# ABOUT THIS EXERCISE
The job is to output exactly the lines that run from the start of the entries through the line containing "R.D. VIETNAM: Una", pictures omitted.

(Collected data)
━━━━━━━━━━━━━━━━━━━━━━━━━━━━━━

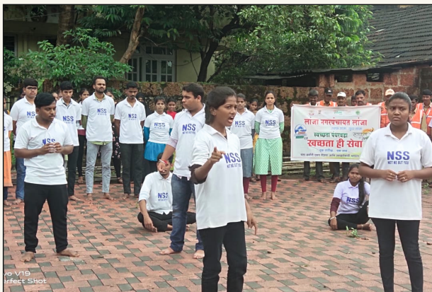
पथनाट्य सादर करताना एन.एस.एस. विद्यार्थी
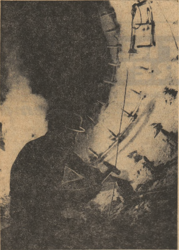
R.D. VIETNAM: Una din secțiile Fabricii de ciment din Haiphong, aflată într-un stadiu avansat de reconstrucție.

În ultimii cinci ani, aproximativ 23 000 de tineri și tinere au urmat școlile învățămîntului tehnico-profesional. În prezent, peste 50 la sută, din muncitorii au absolvit studiile medii.
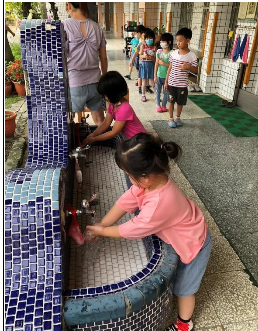
說明：利用繪本『我們來洗手』來提醒孩子洗手的重要性
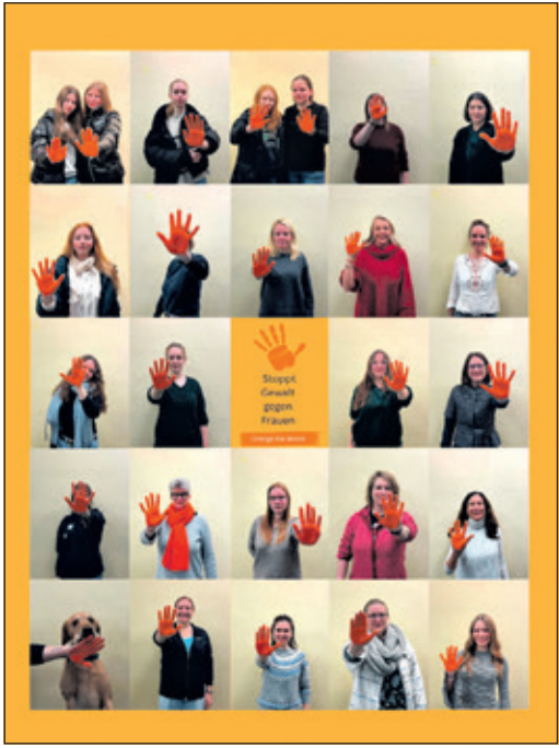
Orange the World: Eine Schule sagt „Nein“.
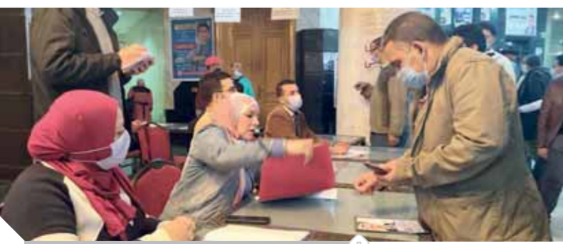
خلال عملية التسجيل

أعلنت اللجنة المشرفة على انتخابات التجديد النصفى لنقابة الصحفيين على منصب النقيب ٧٦ من أعضاء مجلس النقابة، عن تأجيل الانتخابات إلى يوم الجمعة ١٩ مارس المقبل، لعدم اكتمال النصاب القانونى لعقد الجمعية العمومية ٥٠٪. وأوضح خالد ميرى رئيس اللجنة المشرفة

━━━━━━━━━━━━━━━━━━━━━━━━━━━━━━

# PROBLEM SOLUTION
पथनाट्य सादर करताना एन.एस.एस. विद्यार्थी
R.D. VIETNAM: Una din secțiile Fabricii de ciment din Haiphong, aflată într-un stadiu avansat de reconstrucție.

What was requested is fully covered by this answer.